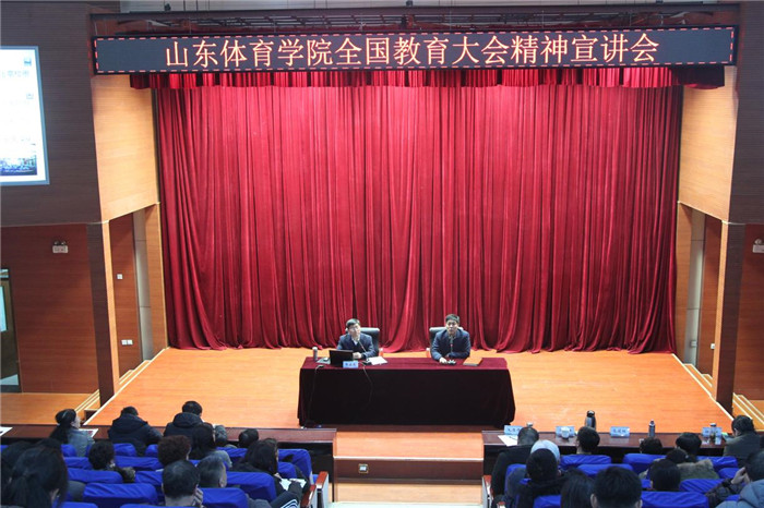 毛德伟对宣讲会进行了总结,认为全国教育大会精神宣讲会讲得好,内容丰富,讲解准确、透彻;他强调指出,当前及今后一个时期,学校将坚持立德树人一条主线,牢牢把握学校建设发展目标,明确建设一流学科、争取博士授权单位两个主要任务,努力做好加快学科专业建设步伐、加强团队建设、研究制定一流本科建设实施方案、对接需求服务社会、加强学校综合改革、充分发挥好体育科技创新服务平台作用、推进日照校区和济南校区同步发展、加大教师队伍建设等等重要工作。广大师生员工要团结一致,开拓进取,增强责任感和使命感,在新的时期共同为建设国际知名、国内著名、特色鲜明的应用型专业体育院校而努力奋斗。
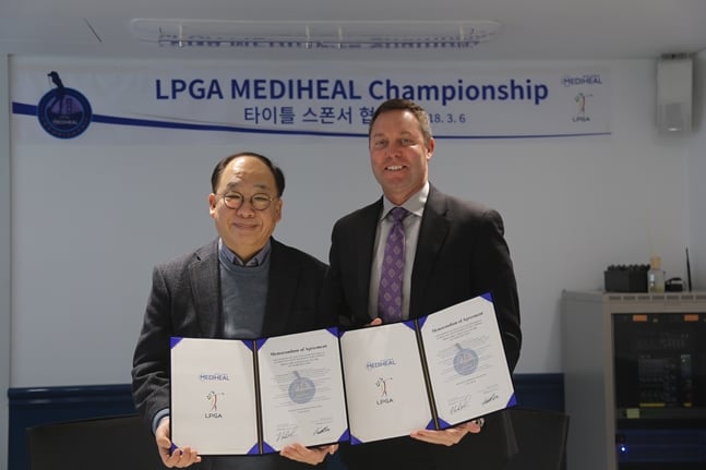 6일 진행된 스폰서 후원 계약식에는 권오섭 엘앤피코스메틱 회장, 추교인 사장 등 메디힐 임원과 LPGA 투어 사무국의 마이크 완 회장, 존 포다니 부회장, 션 변 LPGA 아시아지사장 등 관계자들이 참석한 가운데 진행됐다.
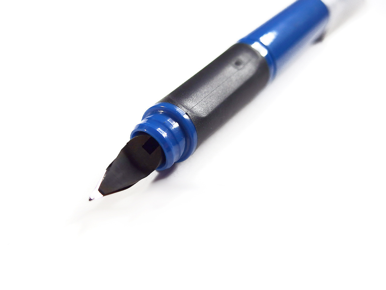 斜めからのアングルですと「ニブ(ペン先)」とグリップの「くぼみ」の関係が“手に取るように”確認できることでしょう。
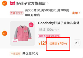 旗舰店售价¥129,可使用¥70优惠券,实付¥59包邮!还可以选择价格下方领取500-70元优惠券,凑单支付,一起下单支付后,儿童外套可以做到40.98元包邮到手!

• TASK TO CARRY OUT: Your job is to reproduce the material exactly. Keep pictures out of it.

• RESPONSE FOR THIS EXERCISE:
 毛德伟对宣讲会进行了总结,认为全国教育大会精神宣讲会讲得好,内容丰富,讲解准确、透彻;他强调指出,当前及今后一个时期,学校将坚持立德树人一条主线,牢牢把握学校建设发展目标,明确建设一流学科、争取博士授权单位两个主要任务,努力做好加快学科专业建设步伐、加强团队建设、研究制定一流本科建设实施方案、对接需求服务社会、加强学校综合改革、充分发挥好体育科技创新服务平台作用、推进日照校区和济南校区同步发展、加大教师队伍建设等等重要工作。广大师生员工要团结一致,开拓进取,增强责任感和使命感,在新的时期共同为建设国际知名、国内著名、特色鲜明的应用型专业体育院校而努力奋斗。
 6일 진행된 스폰서 후원 계약식에는 권오섭 엘앤피코스메틱 회장, 추교인 사장 등 메디힐 임원과 LPGA 투어 사무국의 마이크 완 회장, 존 포다니 부회장, 션 변 LPGA 아시아지사장 등 관계자들이 참석한 가운데 진행됐다.
 斜めからのアングルですと「ニブ(ペン先)」とグリップの「くぼみ」の関係が“手に取るように”確認できることでしょう。
 旗舰店售价¥129,可使用¥70优惠券,实付¥59包邮!还可以选择价格下方领取500-70元优惠券,凑单支付,一起下单支付后,儿童外套可以做到40.98元包邮到手!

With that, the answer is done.